-- EXERCISE DATA follows --
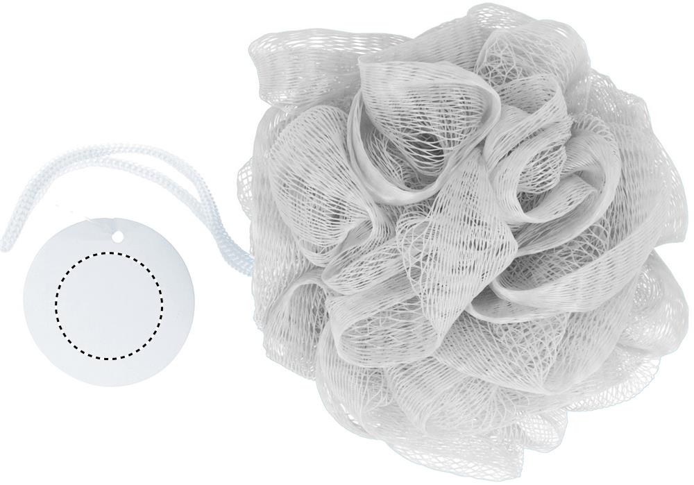 Spugna da doccia, con laccetto per appendere.
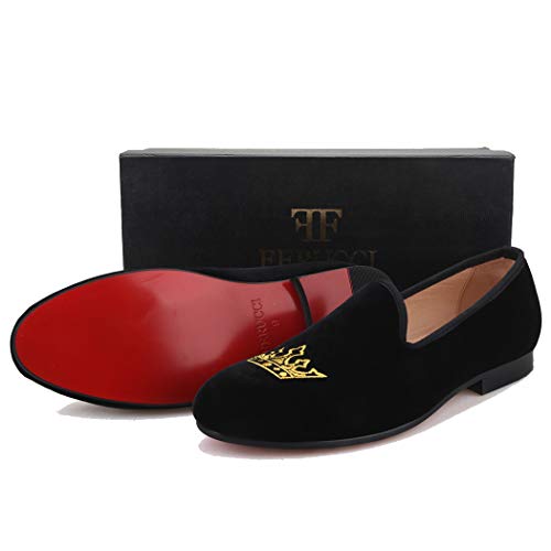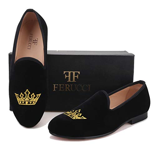 More information about FERUCCI Men Plain Black Velvet Slippers Loafers with Gold Crown Wedding Prom
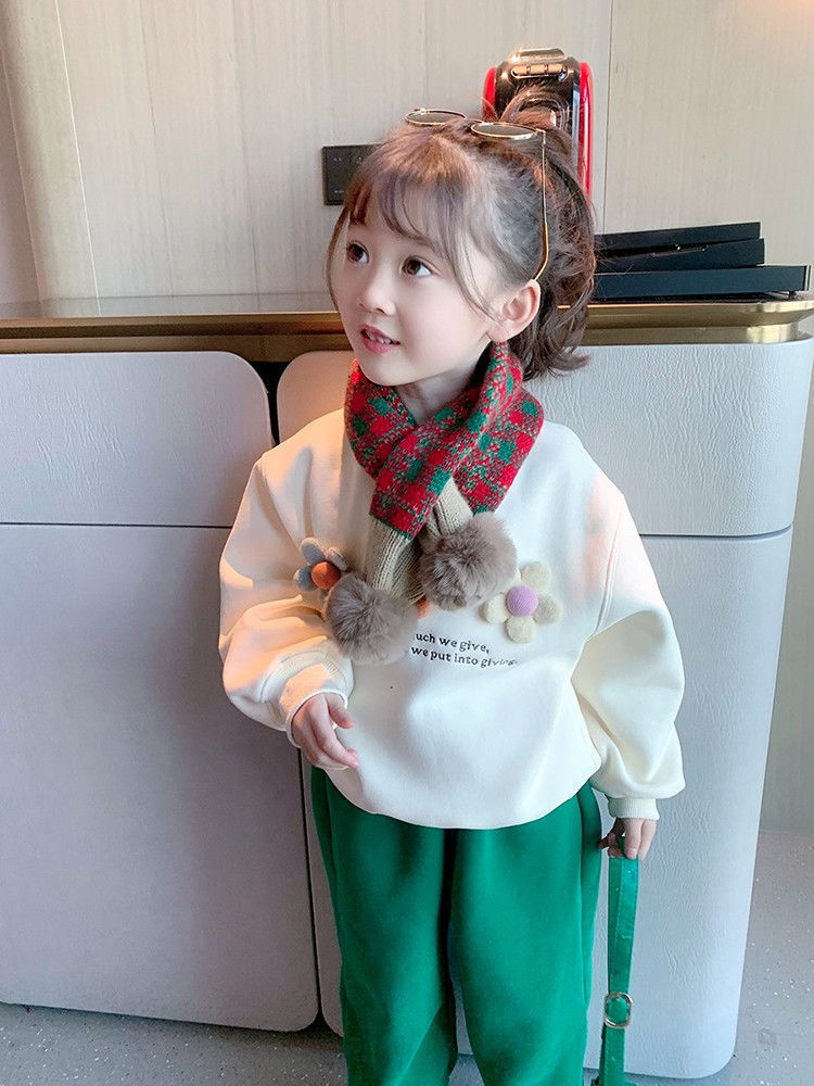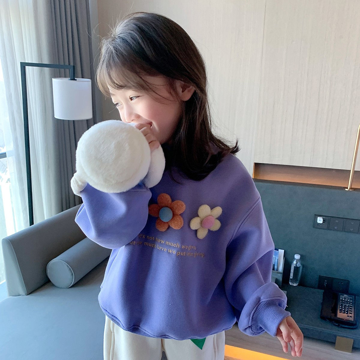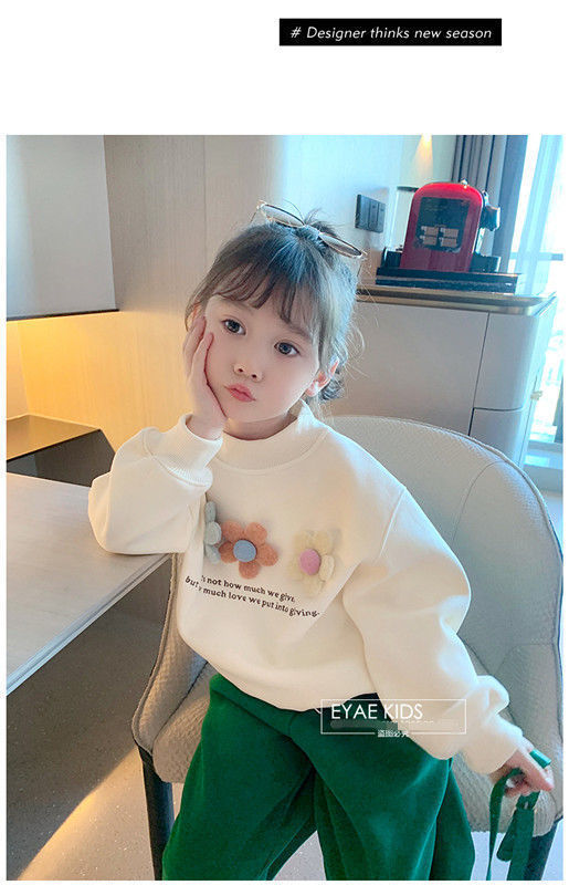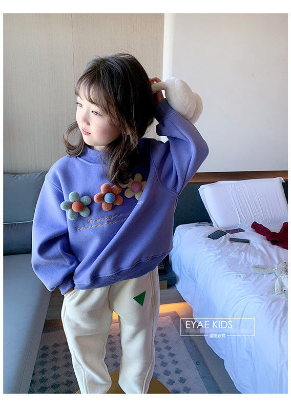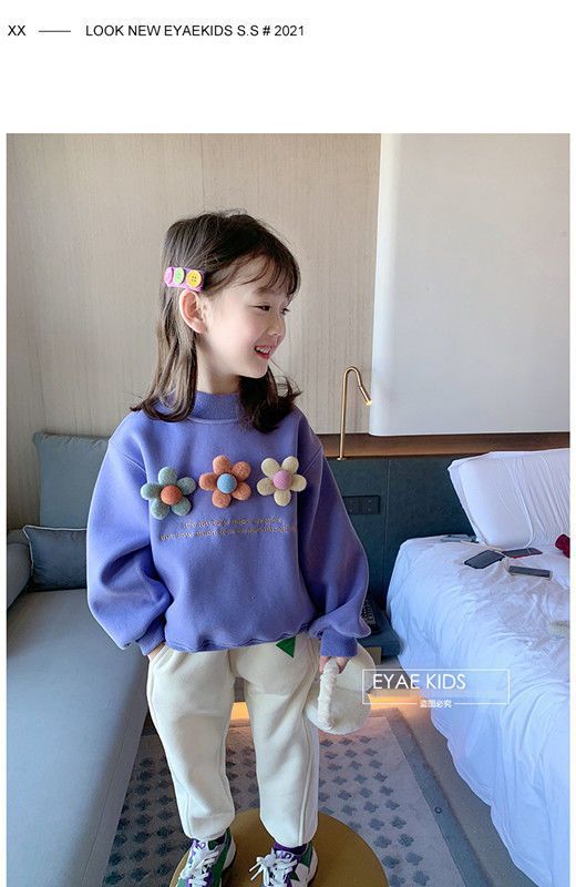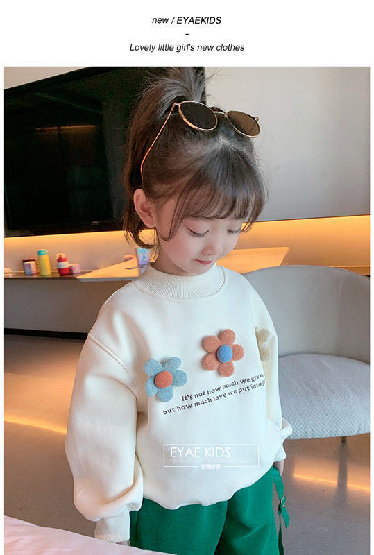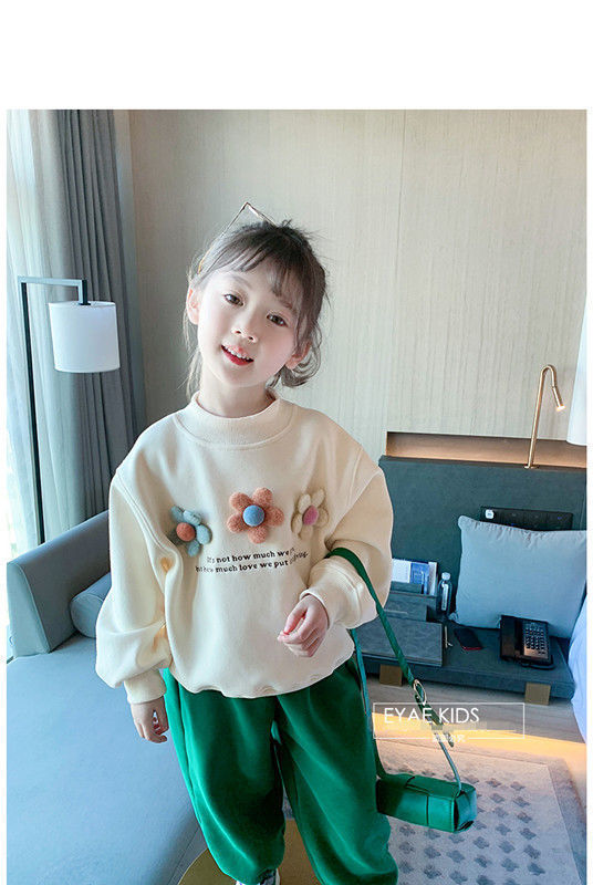 2023 봄과 가을 새로운 아기 소녀 스웨터 웨스턴 스타일 패션 모든 매치 스웨터 어린이를위한 입체 꽃 긴 소매 탑스토어 가기
-- EXERCISE DATA concluded --
• [ASSIGNED TASK] Return each line above word for word. Skip the pictures.

• [ANSWER TO THIS EXERCISE]
 Spugna da doccia, con laccetto per appendere.
 More information about FERUCCI Men Plain Black Velvet Slippers Loafers with Gold Crown Wedding Prom
 2023 봄과 가을 새로운 아기 소녀 스웨터 웨스턴 스타일 패션 모든 매치 스웨터 어린이를위한 입체 꽃 긴 소매 탑스토어 가기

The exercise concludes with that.